● Data provided:
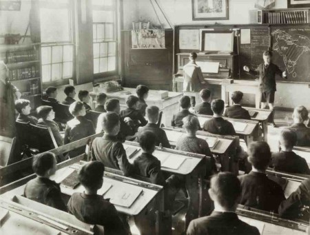 Image title:History Classes at UHS - 1930s Style Description: Students in class at the University High School, Melbourne, 1930's.
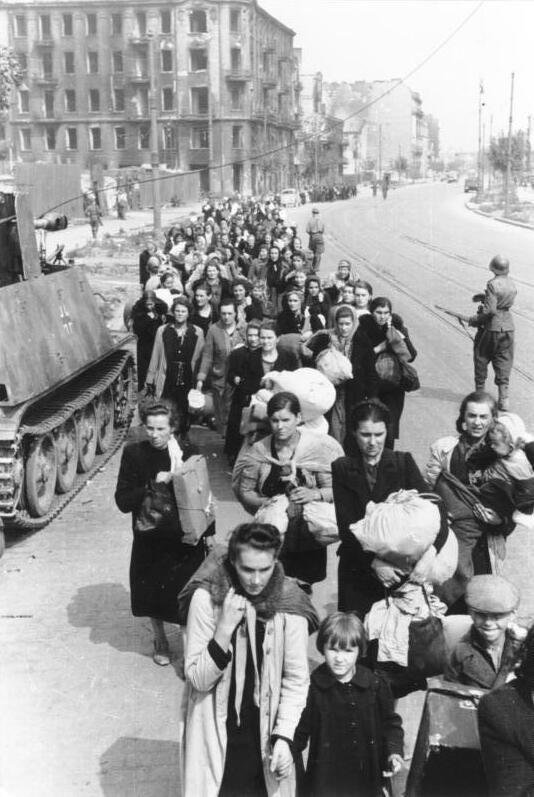 Warsaw Uprising
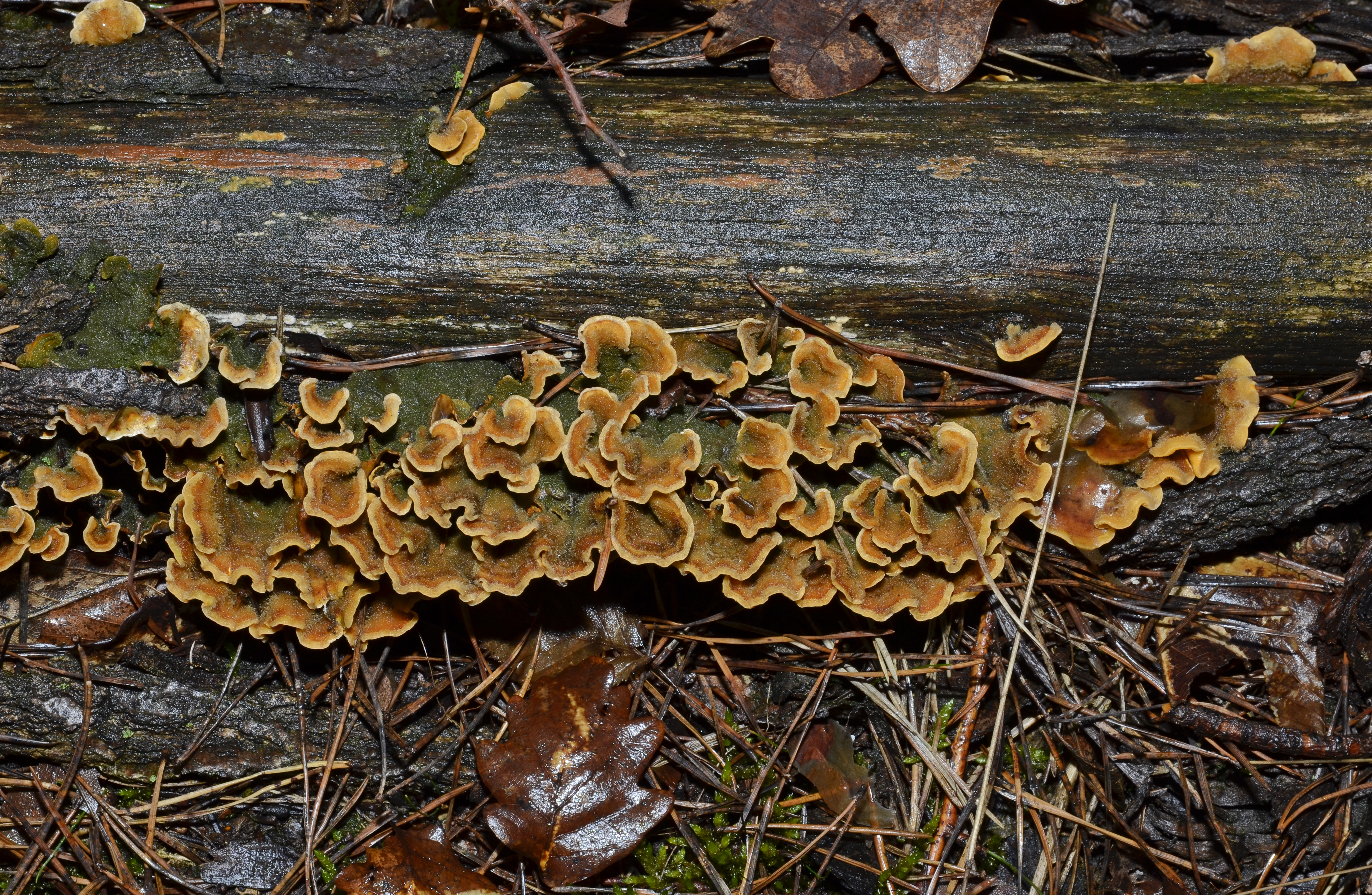 Stereum hirsutum, Hesse, Germany. The species was assigned using the book Naturführer Pilze, Roger Phillips, ISBN 3-440-07510-X Invalid ISBN. Please let me know, if you think it is a different species.
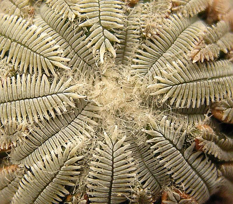 Pelecyphora asseliformis

● Your objective: Retype the whole listing above exactly as written. Skip the pictures.

● Solved problem:
 Image title:History Classes at UHS - 1930s Style Description: Students in class at the University High School, Melbourne, 1930's.
 Warsaw Uprising
 Stereum hirsutum, Hesse, Germany. The species was assigned using the book Naturführer Pilze, Roger Phillips, ISBN 3-440-07510-X Invalid ISBN. Please let me know, if you think it is a different species.
 Pelecyphora asseliformis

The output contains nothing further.